Table details The IPL data contains 5 tables offering insights into the matches, players, and teams. Here's a quick overview of each:
-
Ball_by_Ball.csv: This table dives deep into every ball bowled in a match. It includes details like the match ID, over number, who's batting and bowling, runs scored, and dismissal information (if any).
-
Match.csv: This table focuses on the broader match details. You'll find information like the match ID, date, season year, teams playing, venue, toss winner, and ultimately, who emerged victorious.
-
Player.csv: This table provides basic player information, including their unique ID, name, date of birth, batting style (left-handed or right-handed), bowling skill (if applicable), and their nationality.
-
Player_match.csv: This table links players to specific matches.
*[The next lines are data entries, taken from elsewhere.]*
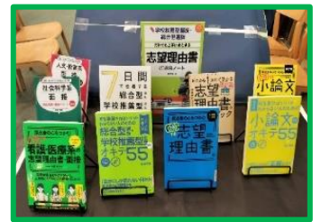
面接 志望理由書対策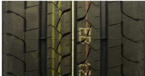
BRIDGESTONE DURAVIS R660 235/65 R16C 115/113R M+S

GEPRÜFTE REIFEN - 235/65 R16C - Auszug aus dem Report CPA MARK17F (16CPA11-411-1)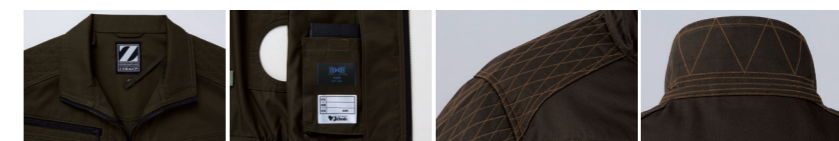
01 調整紐(首元) 02 左内側バッテリー専用ポケット 03 刺し子 04 衿裏飾りステッチ

It contains details like the match ID, player ID, along with information specific to that match, such as the player's role (batsman, bowler, etc.), their team, and their performance statistics.
-
Team.csv: This table keeps track of the teams. It includes a unique team ID, an external identifier (for linking with other datasets potentially), and the team's full name.
By combining data from these tables, one can analyze various aspects of the IPL, like player performance across matches, team strategies, and overall trends throughout the seasons.